##### SOURCE MATERIAL
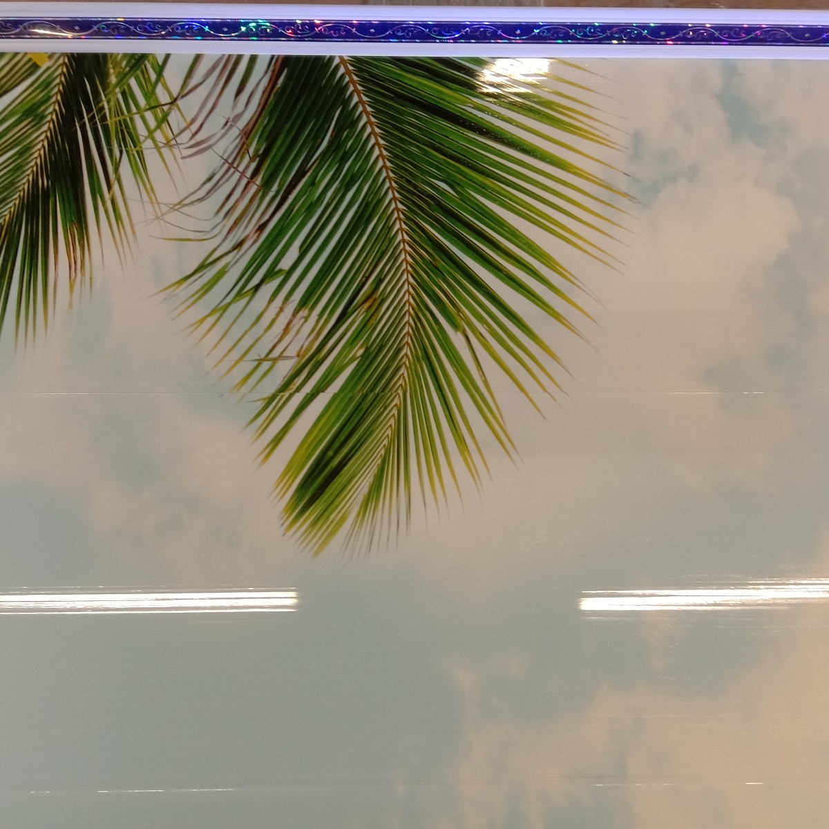 Плинтус потолочный Лоза синяя с голографическим контрастным рисунком предназначен для панелей ПВХ 7-9 мм.
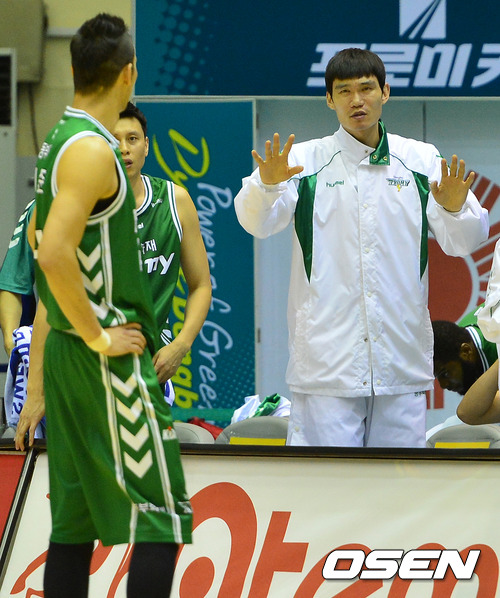2쿼터 출전 명단에서 제외된 동부 김주성이 벤치에서 이승준을 독려하고 있다.
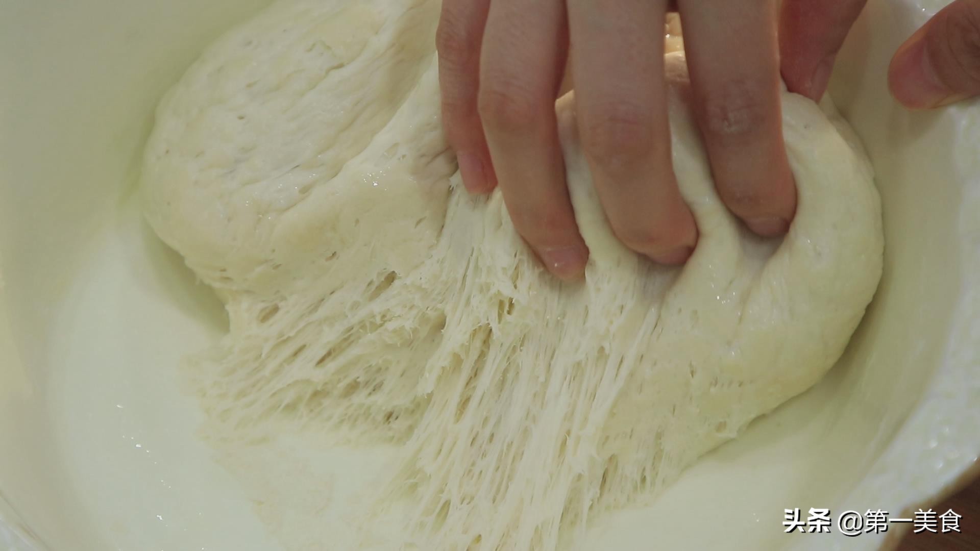 40分钟以后,面团已经发酵好了,用手扒开面团看一下,里面呈蜂窝状,能看到面团里面有许多小孔。
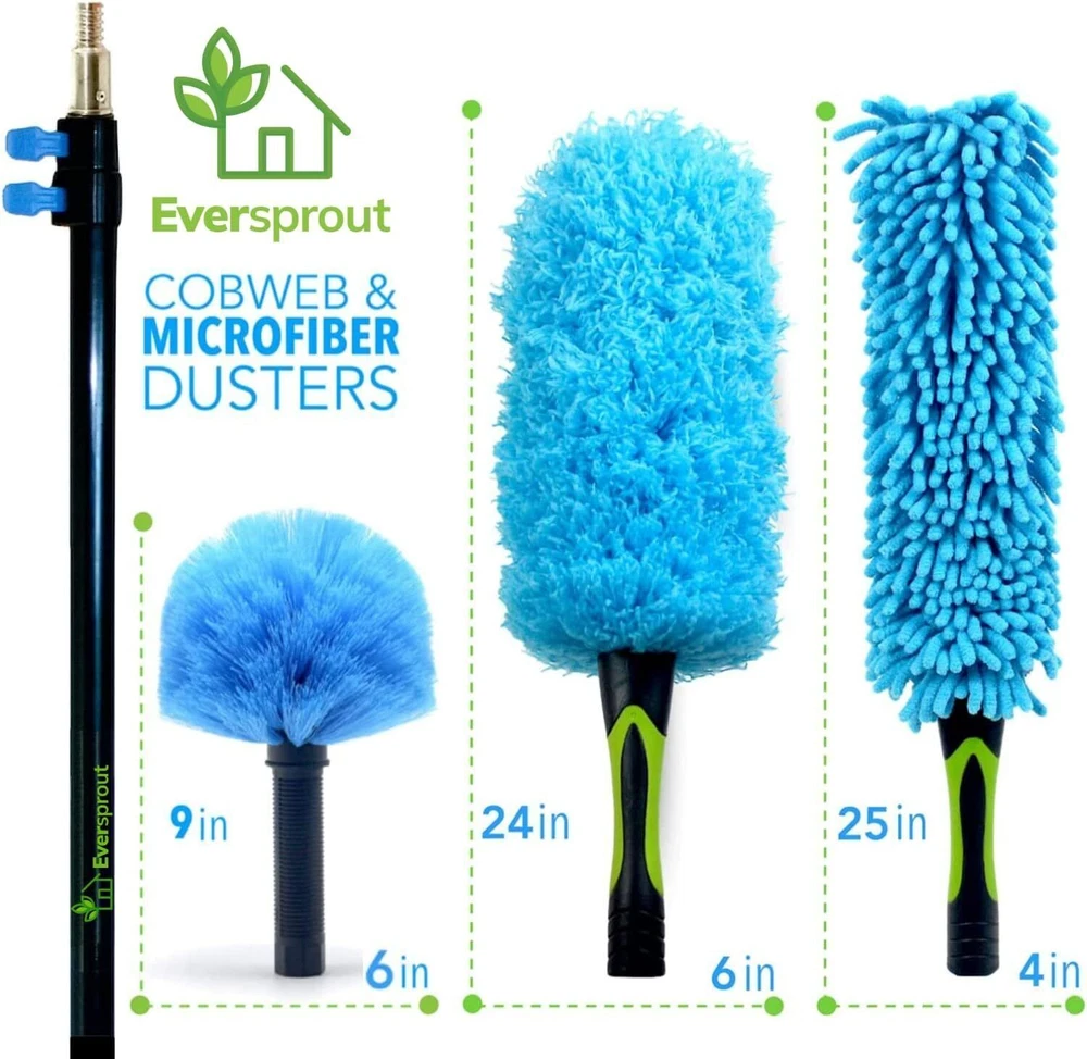 DUSTER 3-PACK COMBO, HAND-PACKAGED, NO SMASHED BRISTLES, WASHABLE FOR REUSE – Includes: Cobweb Duster (Medium-Stiff Bristles), Microfiber Feather Duster (24”), Flexible Ceiling Fan Duster (25”). Dusters are Hand-Packaged in San Luis Obispo, CA to ensure dusters are big and full, not smashed. Cob Web Duster and Feather Duster can be hand-washed in a sink with cool to warm water (let air dry). The Ceiling Fan Duster Sleeve is removable for the washing machine (cool to warm water and let air dry). SAVE TIME, SKIP THE LADDER - REACH UP TO 20+ FEET WHEN STANDING – Included is an Extension Pole (4.5 to 12 ft), Cobweb Duster, Feather Duster, and Ceiling Fan Duster. All dusters twist onto the 3-Stage Aluminum Extension Pole & extends to any custom length from 5-to-14 Feet. Reach up to 20+ feet when standing. ARRIVES FLAT, BENDABLE TO ANY SHAPE, ELECTROSTATIC MICROFIBER ATTRACTS DUST – Both the Feather Duster and Ceiling Fan Duster arrive flat, and can be bent to any shape so you can clean and conquer those hard to reach areas! Each Microfiber has a slight positive charge and is so tiny it’s 100 times finer than a human hair – this enables the Microfiber Ceiling Fan Duster and Microfiber Feather Duster to attract, grab, and trap dust. Perfect for cleaning blinds, high ceiling fans, cob webs, & more! THE ULTIMATE EXTENSION POLE ON THE MARKET TODAY – Lightweight Aluminum pole weighs only 1.5 pounds and is very sturdy. Non-Slip Foam Hand Grips for comfort and reliable grip in wet conditions. Frustration Free Flip-Tab Locking Mechanism means NO SECTIONS GETTING STUCK like traditional twist-lock poles, AND allows any custom length between 4.5 and 12 ft. 3/4” Acme Thread Pole Tip is made of metal alloy for durability Color Blue, Black Recommended Uses For Product Blind, Fan, Light Fixture, Furniture, Picture Frame Special Feature Lightweight Handle Material Aluminum Head Material Polyester Item Weight 1.5 Pounds Product Care Instructions Machine Wash Item Firmness Description Soft
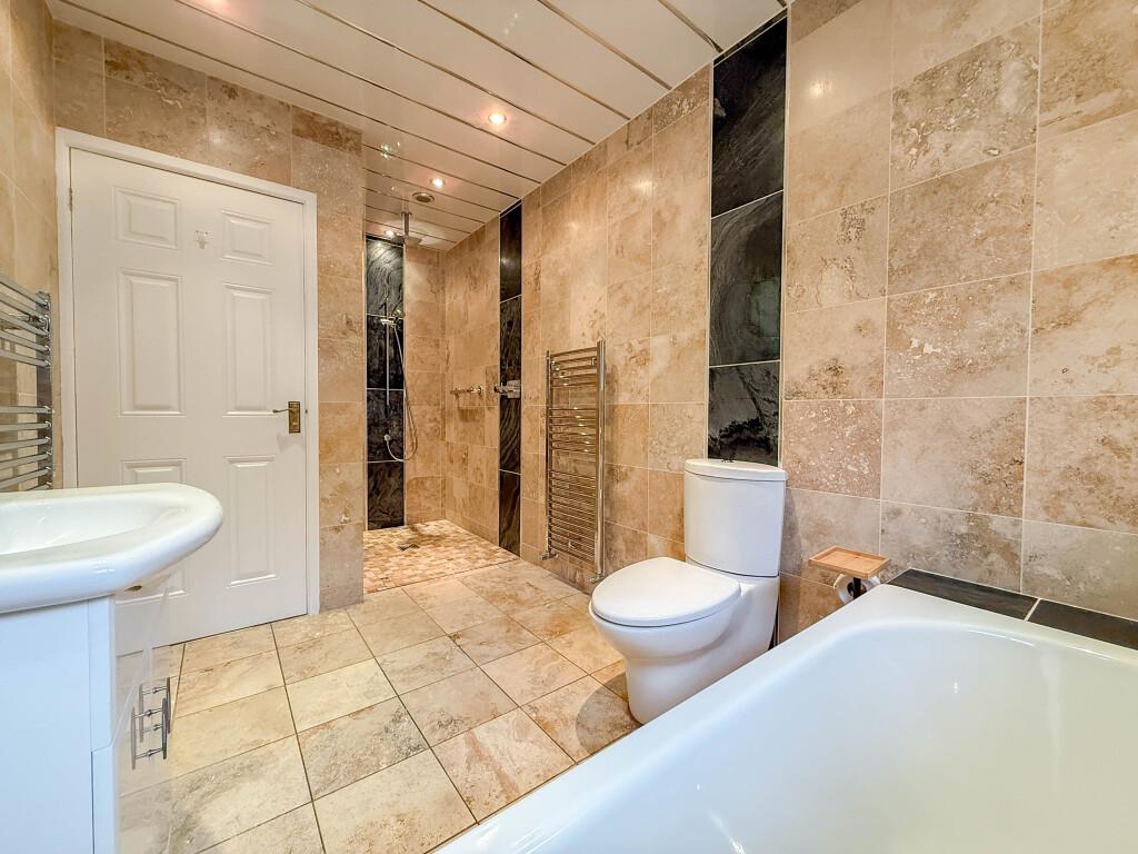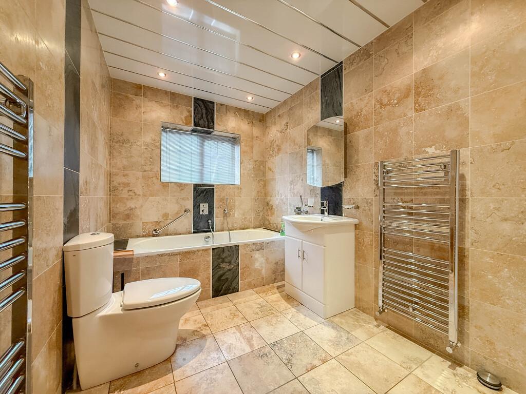 Freshly redecorated throughout, the layout includes a generous entrance hall, a principal bedroom with a compact en-suite WC and fitted furniture, a spacious lounge with a feature fireplace, two further bedrooms, a dining room, a garden room, and a stylish four-piece family bathroom. The well-propertioned kitchen is supported by a separate utility room.
##########
• _WHAT IS EXPECTED_
Starting at the first entry above and ending at the last, write everything out exactly except the pictures.

• _YOUR RESPONSE_
 Плинтус потолочный Лоза синяя с голографическим контрастным рисунком предназначен для панелей ПВХ 7-9 мм.
2쿼터 출전 명단에서 제외된 동부 김주성이 벤치에서 이승준을 독려하고 있다.
 40分钟以后,面团已经发酵好了,用手扒开面团看一下,里面呈蜂窝状,能看到面团里面有许多小孔。
 DUSTER 3-PACK COMBO, HAND-PACKAGED, NO SMASHED BRISTLES, WASHABLE FOR REUSE – Includes: Cobweb Duster (Medium-Stiff Bristles), Microfiber Feather Duster (24”), Flexible Ceiling Fan Duster (25”). Dusters are Hand-Packaged in San Luis Obispo, CA to ensure dusters are big and full, not smashed. Cob Web Duster and Feather Duster can be hand-washed in a sink with cool to warm water (let air dry). The Ceiling Fan Duster Sleeve is removable for the washing machine (cool to warm water and let air dry). SAVE TIME, SKIP THE LADDER - REACH UP TO 20+ FEET WHEN STANDING – Included is an Extension Pole (4.5 to 12 ft), Cobweb Duster, Feather Duster, and Ceiling Fan Duster. All dusters twist onto the 3-Stage Aluminum Extension Pole & extends to any custom length from 5-to-14 Feet. Reach up to 20+ feet when standing. ARRIVES FLAT, BENDABLE TO ANY SHAPE, ELECTROSTATIC MICROFIBER ATTRACTS DUST – Both the Feather Duster and Ceiling Fan Duster arrive flat, and can be bent to any shape so you can clean and conquer those hard to reach areas! Each Microfiber has a slight positive charge and is so tiny it’s 100 times finer than a human hair – this enables the Microfiber Ceiling Fan Duster and Microfiber Feather Duster to attract, grab, and trap dust. Perfect for cleaning blinds, high ceiling fans, cob webs, & more! THE ULTIMATE EXTENSION POLE ON THE MARKET TODAY – Lightweight Aluminum pole weighs only 1.5 pounds and is very sturdy. Non-Slip Foam Hand Grips for comfort and reliable grip in wet conditions. Frustration Free Flip-Tab Locking Mechanism means NO SECTIONS GETTING STUCK like traditional twist-lock poles, AND allows any custom length between 4.5 and 12 ft. 3/4” Acme Thread Pole Tip is made of metal alloy for durability Color Blue, Black Recommended Uses For Product Blind, Fan, Light Fixture, Furniture, Picture Frame Special Feature Lightweight Handle Material Aluminum Head Material Polyester Item Weight 1.5 Pounds Product Care Instructions Machine Wash Item Firmness Description Soft
 Freshly redecorated throughout, the layout includes a generous entrance hall, a principal bedroom with a compact en-suite WC and fitted furniture, a spacious lounge with a feature fireplace, two further bedrooms, a dining room, a garden room, and a stylish four-piece family bathroom. The well-propertioned kitchen is supported by a separate utility room.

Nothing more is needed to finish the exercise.